A package for working with the OCOD (Overseas companies that own property in England and Wales ) dataset

Project description

Enhanced OCOD: Offshore Companies Ownership Data Processing Pipeline

Overview

This repository provides a comprehensive pipeline and Python library for cleaning, enhancing, and analyzing the UK Land Registry's Offshore Companies Ownership Data (OCOD). The enhanced OCOD dataset resolves many issues with the raw OCOD data, making it suitable for research, analysis, and reporting on UK property owned by offshore companies.

The project includes:

  • A reusable, modular Python library (src/enhance_ocod) for all data processing stages
  • Example and utility scripts (scripts/) for training NER models, running the pipeline, and more
  • Documentation and reproducible workflows to create, update, and analyze the enhanced OCOD dataset

Key Features

  • End-to-End Pipeline: From raw OCOD data to a classified, enriched, and structured dataset
  • Advanced Address Parsing: Disaggregates multi-property titles and parses free-text addresses
  • Integration with External Data: Uses ONS Postcode Directory, Land Registry Price Paid Data, and VOA business ratings for enrichment
  • Property Classification: Assigns properties to categories (Residential, Business, Airspace, Land, Carpark, Unknown)
  • NER Model Training & Weak Labelling: Fine-tuned modernBERT model automaticall downloaded from HF
  • Reproducible & Extensible: Library-based design for maintainability and reuse

Project Structure

enhance_ocod/
├── src/enhance_ocod/   # Core Python library
│   ├── address_parsing.py
│   ├── analysis.py
│   ├── inference.py
│   ├── labelling/
│   │   ├── ner_regex.py
│   │   ├── ner_spans.py
│   │   └── weak_labelling.py
│   ├── locate_and_classify.py
│   ├── preprocess.py
│   ├── price_paid_process.py
│   └── training.py
├── scripts/            # Example and utility scripts
├── data/               # Input and output data
├── notebooks/          # Analysis performed for the paper
├── tests/              # Unit tests
├── requirements.txt    # Python dependencies
├── pyproject.toml      # Project metadata
├── README.md           # Documentation

Installation

Option 1: Install from PyPI (Recommended)

pip install enhance-ocod

Option 2: Install from GitHub (Latest Development Version)
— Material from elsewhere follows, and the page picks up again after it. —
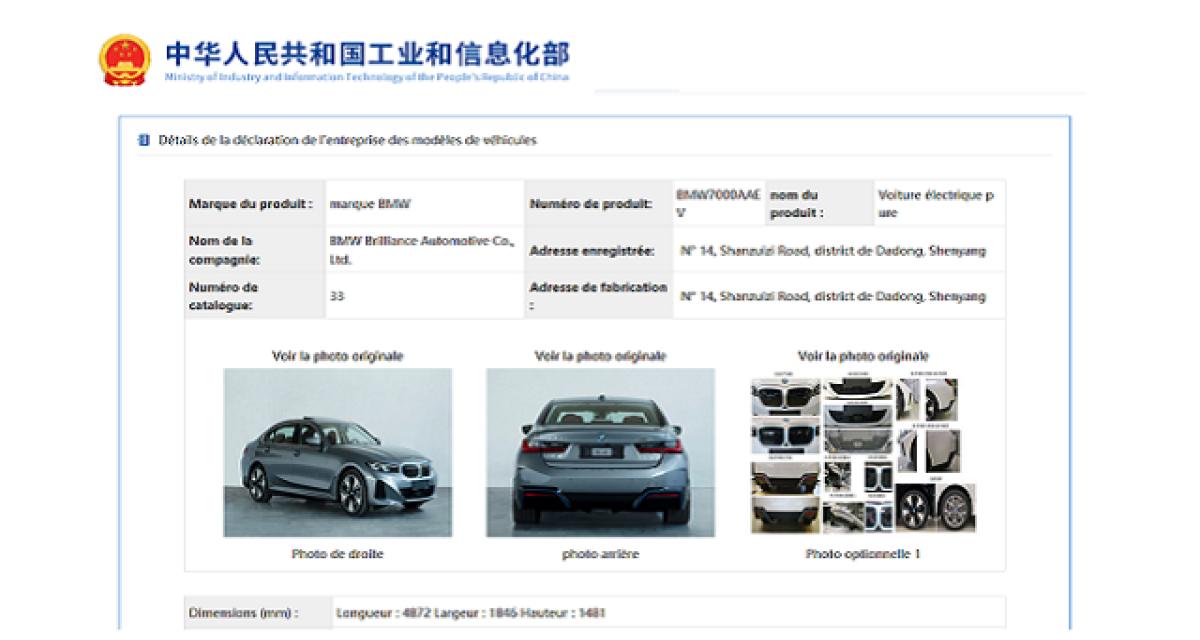 Un véhicule aux allures d’une Série 3 électrique est d’ores et déjà répertorié sur le site Web du ministère chinois de l’Industrie et des Technologies de l’information (MIIT).

pip install git+https://github.com/JonnoB/enhance_ocod.git

Option 3: Development Installation

If you want to contribute or modify the code:

  1. Clone the repository:

    git clone https://github.com/JonnoB/enhance_ocod.git
    cd enhance_ocod
    
  2. Install in development mode:

    pip install -e .
    

    Or if you're using uv:

    uv pip install -e .
    

Notes:

  • The package name for installation is enhance-ocod (with hyphen)
  • The import name is enhance_ocod (with underscore)
  • Python automatically handles this naming conversion

Data Requirements

To recreate or update the enhanced OCOD dataset, several open datasets are required. The get_data module has the functionality to download the required files, and the download_hist.py script can be used to perform downloading automatically. If done manually the files must be downloaded and placed in subd-directories of the data/ directory. The sub-directories should be named as follows:

Dataset Folder Type API Available
OCOD dataset ocod_history csv Yes
ONSPD onspd zip Yes
Price Paid dataset price_paid_data folder No
VOA ratings list voa csv Yes

Note:

  • The OCOD dataset is a convoluted experience to get hold of you need to create an account and also use a bank card to confim identity, the bank card will be charged £0.0. Whether this much security is necessary is debatable, and in fact can be debated by contacting your MP to complain.

Usage

You can use the project in two main ways:

1. As a Library

Import modules from src/enhance_ocod in your own scripts:

import pandas as pd
from enhance_ocod.inference import parse_addresses_basic

# Create example DataFrame with the two addresses
example_df = pd.DataFrame({
    'address': [
        "36 - 49, chapel street, London, se45 6pq",
        "Flat 14a, 14 Barnsbury Road, London N1 1JU"
    ],
    'datapoint_id': ['addr_001', 'addr_002']  # Optional unique identifiers
})

print("Example DataFrame:")
print(example_df)

# Default behaviour is to download the finetuned model from Hugginface model library.
results = parse_addresses_basic(example_df)
print(f"Parsed {results['summary']['successful_parses']} addresses")
# ...

2. Using Provided Scripts

  • Run the full pipeline:

    python parse_ocod_history.py 
    
  • Train an NER Model:

    python scripts/run_experiments.py
    

Order to run the scripts in

To Parse the OCOD history you can simply run

python download_hist.py && python parse_ocod_history

This will download all necessary data and then created a folder called ocod_history_processed with one standardised OCOD parquet file per original ocod file. Using an L4 GPU with 24GB VRAM and 16 GB RAM the it will take 2-3 hours to process the first decade of OCOD. This will typicall cost less then $2.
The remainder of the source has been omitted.